The new profession of the muwaqqit (timekeeper) focused on the mathematical and astronomical treatment of problems of religious ritual and on instruments. The muwaqqits were attached to mosques and madrasas mainly in Syria, Egypt, the Maghrib, Andalusia, and under the Ottomans also in Anatolia and the Balkans. The new disciplinary realm, that of the rational sciences, combined certain religious studies with some of the ancient sciences. In a gradual process, parts of logic, epistemology, metaphysics, physics, astronomy, and geometry were assimilated to kalam (rational theology), usul al-din (the fundaments of religion), and to a lesser extent to usul al-fiqh (the fundaments of law). The assimilation took place either by integrating these elements into the religious disciplines themselves or by teaching them together by the same professor to the same group of students.

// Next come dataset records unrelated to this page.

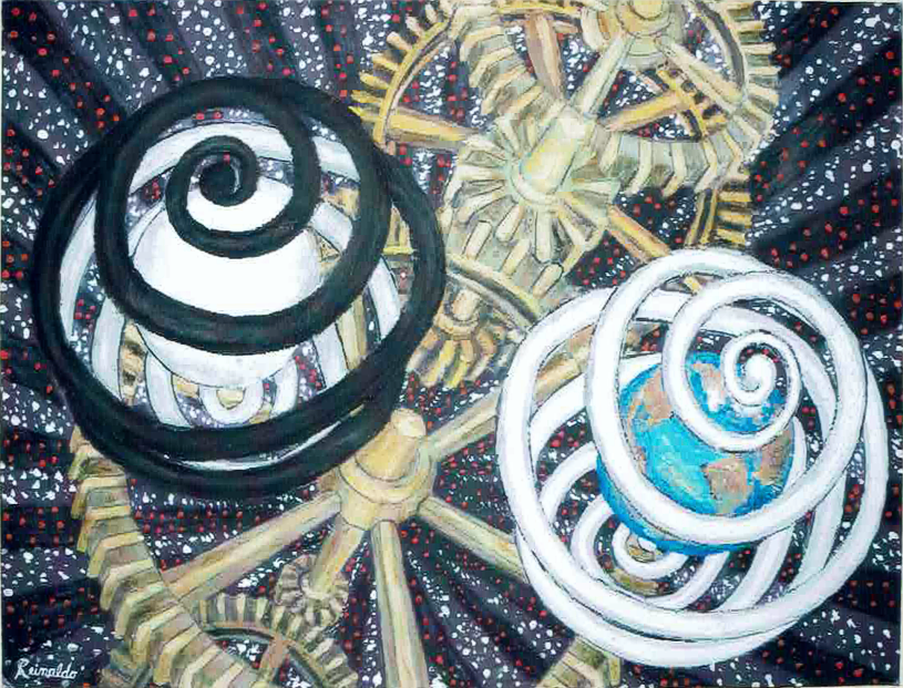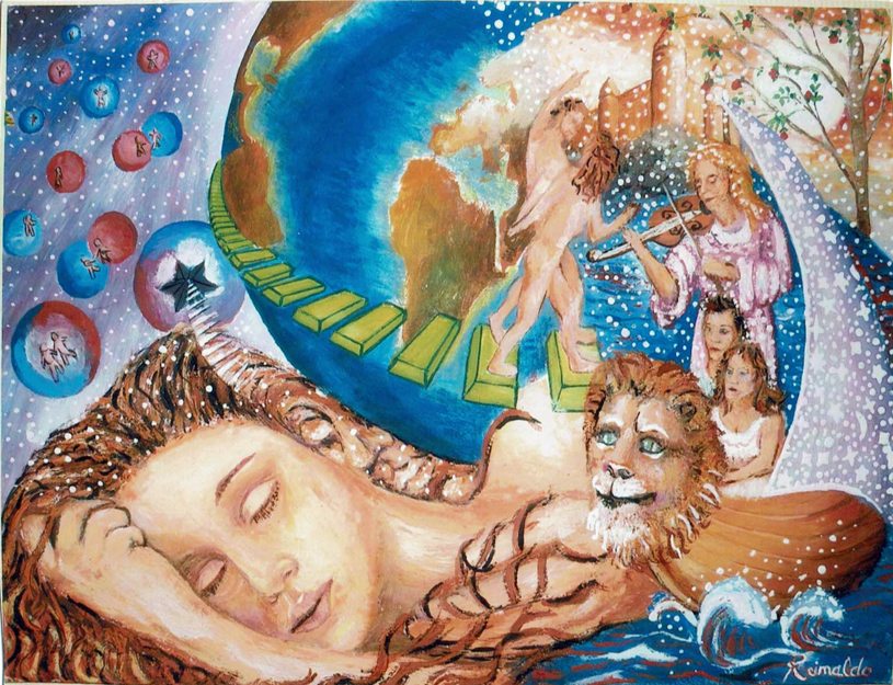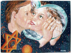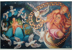 I am sitting in the earth and there is a women with child standing on the moon. The birds are peace and the heart chain is love. When these come together they sing and cryout to our father in pure joy and love.
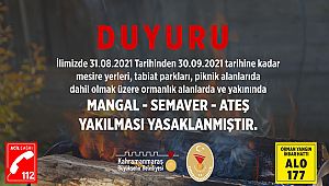 Yangınların önlenmesi amacıyla kent genelinde ormanlık alanlarda veya yakınlarında ateş yakılmamasına ilişkin alınan kararda süre uzatıldı. Kahramanmaraş Valiliği’nin 2021/5 sayılı kararı gereğince alınan tedbirler, Kahramanmaraş Büyükşehir Belediyesi’ne bağlı mesire ve piknik alanları dâhil tüm orman arazileri için geçerli olacak. 31 Ağustos Salı itibariyle uygulamaya giren karar kapsamında, 30 Eylül Perşembe tarihine kadar ormanlık bölgeler veya yakınlarında semaver ve mangal dâhil ateş yakılması yasaklandı. Yapılan açıklamada, vatandaşların alınan karara aykırı bir davranışla karşılaşmaları halinde 112 Acil Çağrı Merkezi’ne ya da 177 Alo Yangın İhbar Hattı’na çağrıda bulunabileceği belirtildi.
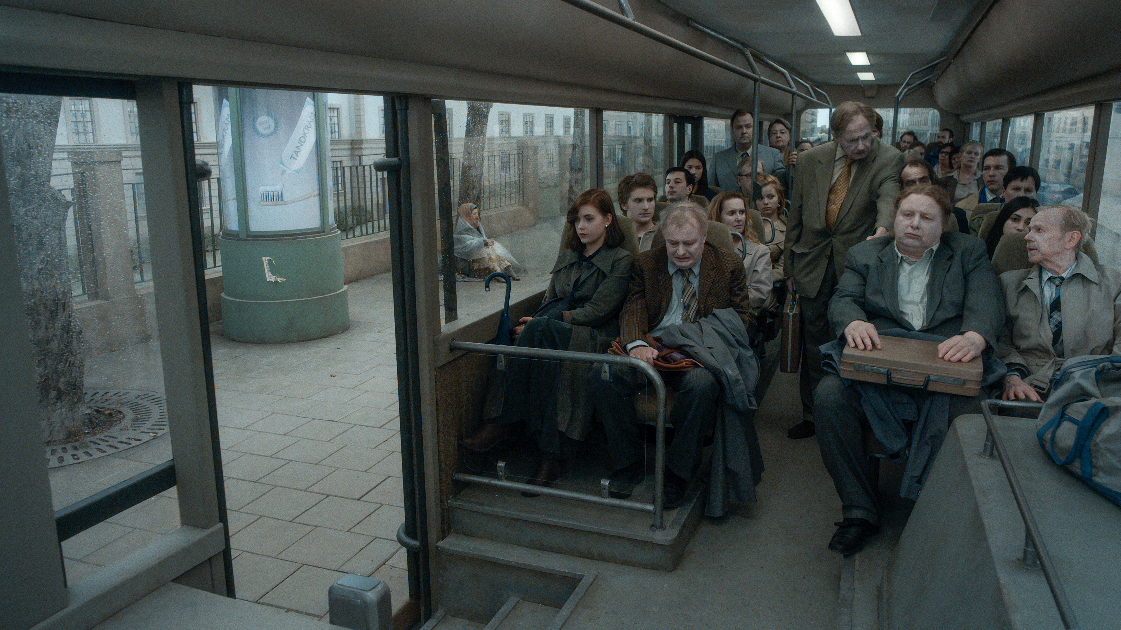 And there’s a lot of subversion to About Endlessness. In one scene, a young father is trying to get his infant to smile for a photo. He lifts the baby in the air with a slight toss and the kid giggles. It’s a sweet moment, but Andersson and cinematographer Gergely Pálos frame the shot so that your eye can’t help but notice all the hard, concrete angles surrounding the father and child. They’re just steps leading to a church, but they look so menacing you hold your breath and wait for something to go wrong. Nothing does, though, and when something truly terrible does happen—that’s another scene entirely—Andersson cuts away before we can gather any real context or deduce what transpired. It’s as if he cannot bear to watch.
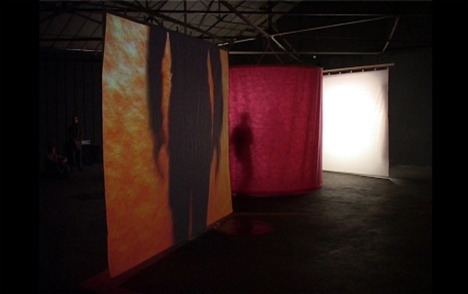 Un gros cylindre de tissu rouge est suspendu au plafond, légèrement flottant juste au dessus du sol. À l’extérieur de ce cylindre est disposé un écran blanc. Le public va et vient autour de ce dispositif très simple. Le chorégraphe Marc Vincent et le Plasticien Christophe Loyer prennent place à l’intérieur du cylindre, devenu leur espace de performance. À travers le tissu, on ne les aperçoit qu’à l’état de silhouettes mouvantes. Rien n’est suffisamment clair pour qu’on distingue la manipulation d’une caméra, à laquelle ils se livrent. En revanche, les images en sont synchroniquement retransmises sur l’écran.
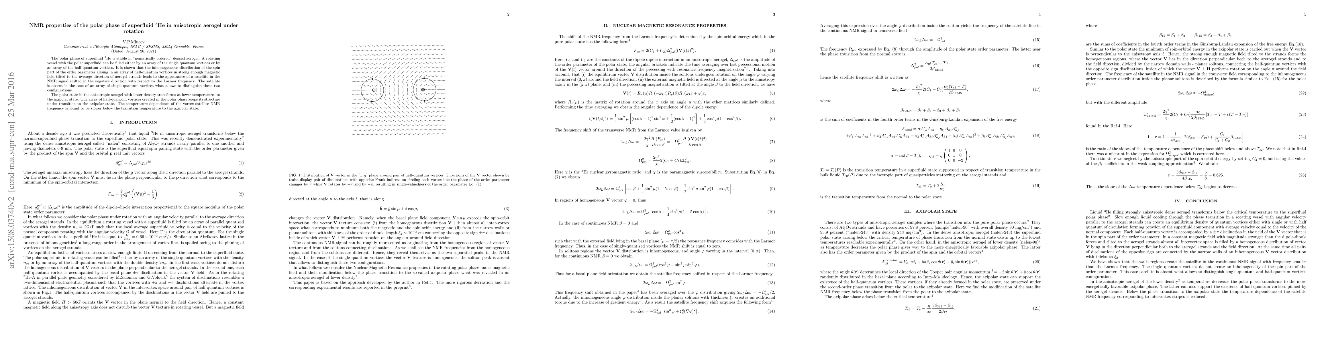 The polar phase of superfluid $^3$He is stable in "nematically ordered" densed aerogel. A rotating vessel with the polar superfluid can be filled either by an array of the single quantum vortices or by an array of the half-quantum vortices. It is shown that the inhomogeneous distribution of the spin part of the order parameter arising in an array of half-quantum vortices in strong enough magnetic field tilted to the average direction of aerogel strands leads to the appearance of a satellite in the NMR signal shifted in the negative direction with respect to the Larmor frequency. The satellite is absent in the case of an array of single quantum vortices what allows to distinguish these two configurations. The polar state in the anisotropic aerogel with lower density transforms at lower temperatures to the axipolar state. The array of half-quantum vortices created in the polar phase keeps its structure under transition to the axipolar state. The temperature dependence of the vortex-satellite NMR frequency is found to be slower below the transition temperature to the axipolar state.

The search for new planetary models that superseded those of Ptolemy and were the basis for the work of Nicolaus Copernicus (1473–1543) was almost exclusively sponsored through princely patronage until the thirteenth and early fourteenth centuries, when it experienced a new period of innovation through the works of Mu'ayyad al-Din al-'Urdi (d. 1260), Muhyi l-Din al-Maghribi (d. c. 1290), Nasir al-Din al-Tusi (1201–1274), and Qutb al-Din al-Shirazi (1236–1311). The Mongol adaptation of the madrasa to the needs of an itinerant court and the spreading inclination among religious scholars of southern Mesopotamia and western Persia to include in their education the study of philosophy and the mathematical sciences apparently led to the later integration of planetary models in the courses taught at Persian madrasas and in textbooks on kalam. As a result, major religious scholars from the fourteenth century onward also wrote on 'ilm al-hay'a and contributed to improving the models.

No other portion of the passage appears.